Но, конечно, не только политика занимает умы швейцарцев. Одной из самых главных фигур является Адольф Мушг. Впрочем, главным он является везде, где появляется – таково основное его качество. Человек из Килхберга[65], последний живущий эпик немецкоязычной культуры, ученый, занимающийся Келлером и Гете, – таково реноме этого последователя Томаса Манна. «Мы все здесь партизаны. Писатель – всегда переодетый партизан, разрабатывающий свой собственный код.» Мы все должны сказать рынку: «Мы не идем в ногу с трендом. Наши пути – не твои пути. Ты занимаешься тем, в чем ничего не смыслишь», – громогласно провозглашает с подиума аристократ духа и культурный пессимист, несколько лет возглавляющий Берлинскую академию искусств, публикующий каждый год по роману и выступающий на всех возможных мероприятиях с речами о политике, науке и искусстве. «Способность к чтению является нормой культуры, а не добродетелью элиты». «В наших университетах происходит оглупление потенциалов». «Глобализация и есть демократизация или банализация культуры». Его фразы всегда отточены и гладки. «Je est en autre», – цитирует он. И в этом самоотстраненном «est» и заключена суть творчества. Он единственный читает из неопубликованного романа «Детская свадьба». Его любовные истории – это всегда программа несостоявшейся любви, в которой детектив переплетается со сказкой. В его романах всегда много судеб и историй, каждая из которых тянет за собой множество новых, у каждой свой лейтмотив, а все вместе они создают выверенную четкую гармонию, как в операх Вагнера. Меня он ожидает в цветущем вишневом саду на берегу Аары, медленно покуривая трубку. «Когда я был в России впервые, можно проверить по роману „Причина Альбиссера“, с которым я тогда приезжал. Но до этого я был в Советском Союзе, замещая на конгрессе Фриша в 1964 году. Хотя, возможно, это было в Китае. Я знал некоторых русских писателей: Зиновьева, Солженицына. Зиновьев был очень неприятен. А Солженицын, хотя и страшный реакционер, но совсем не плохой писатель. Казалось странным, что мы были представлены друг другу как два диссидента.

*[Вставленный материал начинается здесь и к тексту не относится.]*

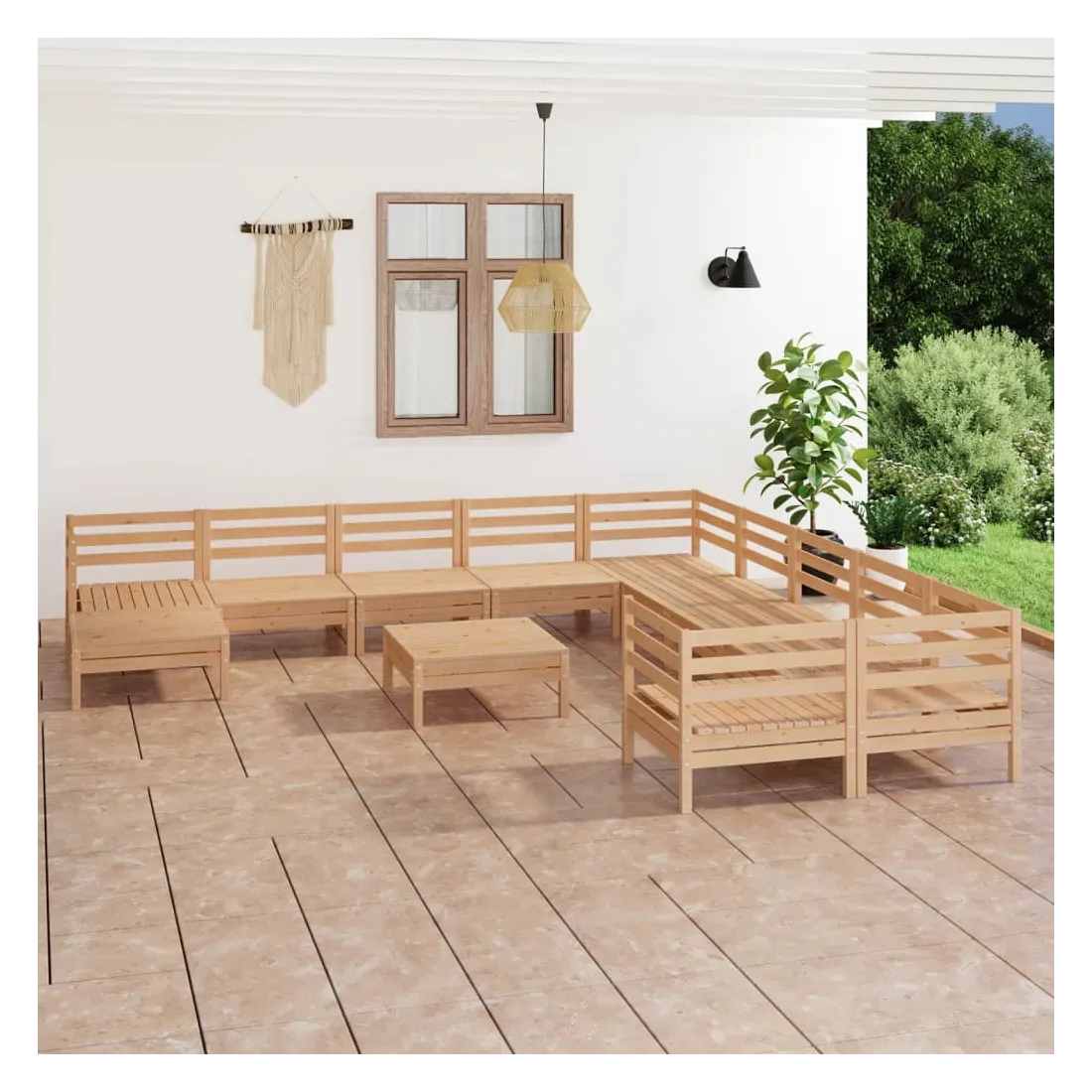 Cet ensemble de salon de jardin en bois est un choix idéal pour vous détendre, profiter du beau temps, faire une sieste ou discuter en famille ou entre amis. Avec son design intemporel de palette, l'ensemble de canapés en bois ajoute une touche de charme rustique à votre terrasse, jardin ou salon. Fabriqué en bois de pin massif, cet ensemble de salon de patio est très durable et résistant aux intempéries. Cet ensemble de meubles a une construction solide et nécessite peu d'entretien. De plus, la conception modulaire permet également de placer l'ensemble dans n'importe quel arrangement selon vos goûts. Remarque : afin de prolonger la durée de vie des meubles d'extérieur, nous vous recommandons de les protéger avec une housse imperméable.

Я всегда любил Чехова и Гоголя, а также „Обломова“. А из швейцарцев Фриш всегда значил для меня больше, чем Дюрренматт. Знаете, между бернцами и цюрихцами всегда было историческое противостояние. Мне ближе бернцы, поэтому я никогда не понимал ни Низона, ни Летчера. Впрочем, конечно, Цюрих – город Бодмера и Брайтингера[66], а потому не может быть мне чужд. Вы знаете, одно время мы боялись, что наше национальное своеобразие, наши диалекты исчезнут. В истории Швейцарии XX века была одна выдающаяся личность (все выдающиеся личности в швейцарской истории всегда выдавались чем-то негативным) – это генерал Вилле. Он принципиально говорил только на хохдойтче, презирая диалекты и тем самым подчеркивая свою близость с Германией. Все считают, что наши разногласия с Германией начались после Второй мировой войны, болезненная тема, но она возникла из недоразумения. На самом деле Швейцария отстранилась от Германии сразу после Первой мировой, не простив ей поражения. Уже тогда мы начали осознавать свое национальное своеобразие. А за присоединение к Евросоюзу я выступаю потому, что Европа находится уже несколько десятилетий в состоянии мира, и это великий дар, который необходимо сохранить. Я различаю Европу, границы которой обширны и простираются вплоть до России, и Евросоюз – политическое образование, границы которого строго определены и не должны размываться». Это был ответ на вопрос о близких по духу швейцарских писателях…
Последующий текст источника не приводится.